Posts Tagged: wikipedia


13
Sep 07

Truth in Metadata – WikiDashboard

A few days ago, I came across WikiDashboard, a tool that lets you visualize temporal change patterns in Wikipedia. I wrote about it at techPresident, but I wanted to expand a little on why I think the tool is so interesting. So first a little about the tool; Developed by the Augemented Social Cognition team at Xerox PARC, WikiDashboard is an overlay of Wikipedia, when you browse to a page you are presented a graph exploring the dynamics of recent edits to the page. Here’s a quick glance at an example:

In this particular example, we see the WikiDashboard for Facebook’s Wikipedia entry. In the dashboard you can see intensity of edits over time, edits contributed by a user inside the time interval, the intensity of their edits (more edits = darker red), as well as some statistics that display the users total edits, and percentage of edits to the entry over time. All of this information is browsable, so for example, you can click on a user and get their WikiDashboard:

Via the user dashboard, you can see the user’s edits over time, periods of editing intensity, and links to their contributions. This is very useful for getting a quick glance of the user’s editing interests over time.

Compared to Virgil’s awesome Wikiscanner, there’s less of a “Wow” factor for WikiDashboard, but I actually think a tool like WikiDashboard presents significantly more utility, and is the beginning of an interesting trend of repurposing metadata to create a trust heuristic. The inventors of WikiDashboard, Ed Chi and Bongwon Suh, describe this as “Social Transparency.”

The tool’s creators are fighting a good fight. There is great information in Wikipedia, and to discount the quality of the information solely on the editorial policy is to throw away the baby with the bathwater. That said, Wikipedia is susceptible to the introduction of systematic bias, and lesser-patrolled entries are sometimes left vandalized for long periods of time. WikiDashboard doesn’t really solve any of the inherent problems of Wikipedia, but it does provide users with graphical approximation of the type of editing going on for any entry – and this is valuable.

Let’s imagine an example. You visit an entry, and notice that a number of editors have a fairly consistent editing pattern over time. However, recently, a new editor has taken up the page, and is heavily editing the site. You’d be able to ascertain this quickly with the graph, and these visual cues might indicate that you should cast a more critical gaze at the quality of the article. In essence, this cue information provides a quick, graphical reference to inform our critical reading skills in Wikipedia.

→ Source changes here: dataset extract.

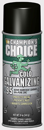Cold Galvanizing 95 is a complete zinc metal spray which rustproofs any metal surface with thorough protection that lasts for years. It is equivalent to a hot galvanizing treatment as it fuses and adheres to all metal surfaces, stopping corrosion immediately. Zinc used in this product is 95% pure. Coated surfaces can be welded safely without fire or fumes. Resistant to abrasion, cracking or peeling, and oxidation. Heat resistant up to 400°F. Does not contain lead.

What is interesting in both WikiScanner and WikiDashboard’s case is that this information is mined directly (and without “bias”) from the metadata information available in Wikipedia. The data, always publicly available, was simply transformed into a more human-digestible format, and we can use this data to inform our understanding of the quality of the article. What’s interesting to me is where this metadata approach might lead us; there’s a lot that can go into our quality estimate of the article…it’s quite fascinating.

The authors have asked for feedback on WikiDashboard, so here are my ideas:

  1. I’d like to be able to sort my WikiDashboard by number of edits, and recency of edits; i.e. let me visualize who is currently editing the article, and their editing histories.
  2. I like the bias-free approach (just listing edits w/o algorithmic intervention), but there are a good number of cues the WikiDashboard people could add by processing the editing histories with an algorithm. I’d like to get cues about how often an editor’s changes are reverted, how often an editor’s changes elicit discussion or administrative intervention – these data points could provide information about the quality of the edits a user contributes.
  3. Right now WikiDashboard is somewhat slow; the authors could implement a diff-based caching system that would speed things up a bit. If WikiDashboard became really snappy I think I’d actually use it for all my Wikipedia browsing.

If you’d like to check out WikiDashboard, here’s a link to the project homepage, and a direct link to the Wikipedia installation. The team has blogged about the product, and witten an additional blog post about how to understand the graphs. Very interesting stuff…check it out.


5
Mar 07

A Closer Look at Candidate Wikipeida Entries

Following up on my previous post on Wikipedia’s influence in candidate search results, I thought I’d take a look at each candidate Wikipedia entry. What follows is a graph that explores how frequently the candidate’s entry has been edited since 1/1/2007(1), how many times it has been reverted, claimed to be vandalized, and who is the entry’s most frequent editor. Some interesting findings follow.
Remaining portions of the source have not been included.